Эскадрон комиссаров | страница 49



Ширяев накинул на себя кепку и ушел в собрание. Красноармейцы сидели не шелохнувшись, до крайности изумленные вызовом. Как же это — завод и эскадрон? У завода одно, а у эскадрона другое.

— А разве можно? — спросил Карпушев. — Можно разве эскадрону соревноваться с заводом?

— А почему же нельзя? — поднялся Смоляк. — У завода одни обязательства, у нас другие, они выполняют свои, а мы свои... Кто желает высказаться?

Смоляк оглядывает собрание. Договор, только что перекипевший в эскадроне, должен сегодня окончательно закрепиться заключением с шефами. В задних рядах неуверенно поднялась рука.

— Слово имеет товарищ Вишняков.

— Мы, что ж, мы не против, чтобы заключить. Только вот вопрос будет один. Почему это везде все поднимается, а хлеб хочут выдавать по карточкам, ситного вовсе не стало, гвоздей нет, кооперативы пусты? Что это за подъем такой? А вот почему же не заключить, можно завсегда...

Сморщившийся Смоляк растирает щеку, как от зубной боли. Фадеич крякает. Насторожившееся собрание повернуло головы к Вишнякову. Красноармейцы как неприкаянные прячут глаза в колени.

Вишняков, видя молчание, завозился.

— Может, нельзя говорить? Тогда я замолчу.

— Говори, говори, все говори, до конца.

— Потом еще вот. Посевную площадь, говорят, надо поднимать, а крестьян силком гонят на лесозаготовки, сплавлять. А кто посеет, у того отбирают хлеб по дешевой цене. Рабочим-то это в руку, а крестьянам как? Тут чуть что маленько — наряд, сказал слово — на губу. А так мы не против договора.

— Это кто — мы? — спросил приглушенный голос.

— Мы, — сердито бросает Вишняков. — Красноармейцы.

— Много вас таких? — спросил опять тот же голос.

Вишняков не ответил.

— Кто это? — шепотом спрашивает Ширяев командира эскадрона.

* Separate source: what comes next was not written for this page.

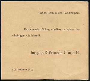 5677 | 20 € | POSTLEITRAUM 7800 (OHNE FREIBURG) : ENDINGEN/ (KAISERSTUHL) 1925 (21.12.) 1K-Gitter als Ank.-Stpl. auf Inl.-NN-Karte, frankiert mit AFS.: GOCH mit 013 Pf. = seltene Portostufe! (Fa. Jurgens & Prinzen) n. Endingen (Dü.E-1A) | ![]() ![]() | |

Красноармейцы опасливо переглядываются, как будто хотят спросить: «Может, еще кто так же?»

Березы рощи оранжево подкрашиваются. Потухающее солнце хватается за белогорский лес, стынет в жалком бессилии. С плаца от собрания соседа — стрелкового полка — монотонная, как по складам, речь выступающего.

— Кто желает по вопросу товарища Вишнякова? Я думаю, сначала скажут от второго взвода, потом другие.

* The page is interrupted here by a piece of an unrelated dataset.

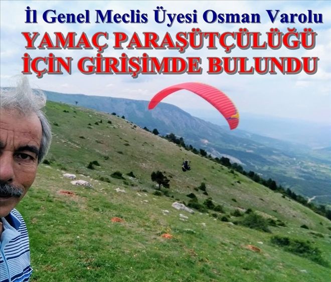 Yenipazar İl Genel Meclis Üyesi Osman Varolu, turizm elçisi gibi çalışmaya devam ediyor. Yenipazar (Harmankaya) Kanyonu için verdiği çabalarının yanında şimdi de Gölpazarı Çengeller Köyü sınırları içinde ve Gökçeler Köyü´nün de sırtını yasladığı bin 300 rakımlı Hasan Dağı´nda yamaç paraşütü yapılabilmesi için Bilecik İl Özel İdaresi İl Genel Meclisi´ne önerge sundu.
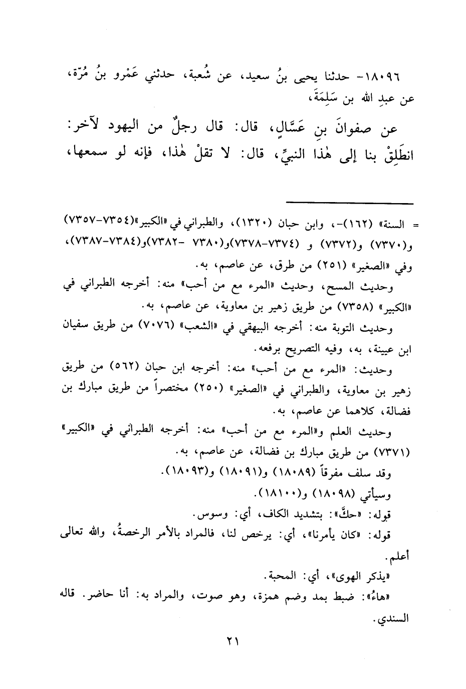 ١٨٠٩٦ - حَدَّثَنَا يَحْيَى بْنُ سَعِيدٍ، عَنْ شُعْبَةَ، حَدَّثَنِي عَمْرُو بْنُ مُرَّةَ، عَنْ عَبْدِ اللهِ بْنِ سَلَمَةَ، عَنْ صَفْوَانَ بْنِ عَسَّالٍ، قَالَ: قَالَ رَجُلٌ مِنَ الْيَهُودِ لِآخَرَ: انْطَلِقْ بِنَا إِلَى هَذَا النَّبِيِّ، قَالَ: لَا تَقُلْ هَذَا، فَإِنَّهُ لَوْ سَمِعَهَا،

Из собрания поднялась фигура Кадюкова. Не глядя ни на кого, он прошел к эстраде.

— У меня есть вопрос к Вишнякову. Он говорит — «мы», так вот сколько согласных с ним? Пусть скажет.

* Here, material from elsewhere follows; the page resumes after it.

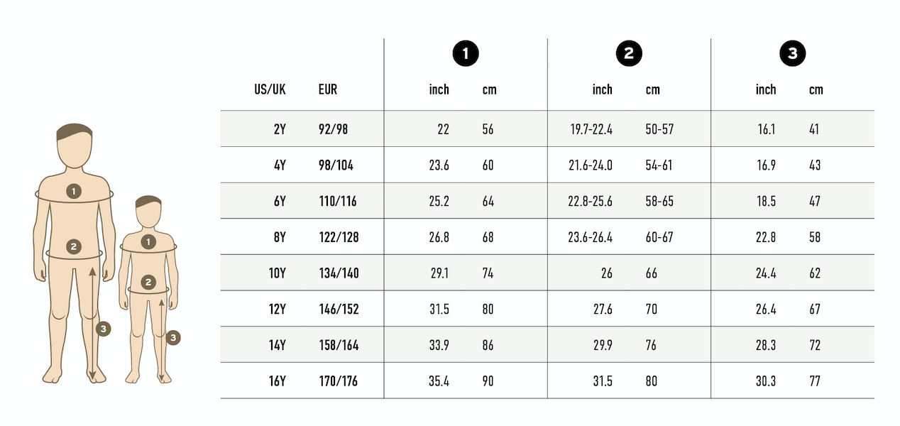 | Leeftijd | Maat | Borst omtrek | Heup omtrek | Been lengte |

Вишняков молчит. Собрание тоже молчит.

— Сколько?

— Я сказал, — бросает Вишняков.

— Молчишь? Это потому, что в эскадроне нет таких. Такие в Красную Армию не берутся; это кулаки такие-то, вот кто. Ты думаешь, что мы боимся хлебных карточек? Не боимся! Они твоим товарищам кулакам хвосты подрежут, не дадут спекулировать. А если ты не кулак, так это ошибка, ты наскрозь кулак! Так я тут и скажу. Стыдно нам перед шефами, что у нас подкулачники есть, а уж раз показался, так все равно. Мы вызов первого взвода, окромя Вишнякова, приняли все. Три дня обсуждали. Пусть скажут товарищи. А насчет товаров — это мы слыхали и видели, нас этим не запугаешь. Правильно я говорю?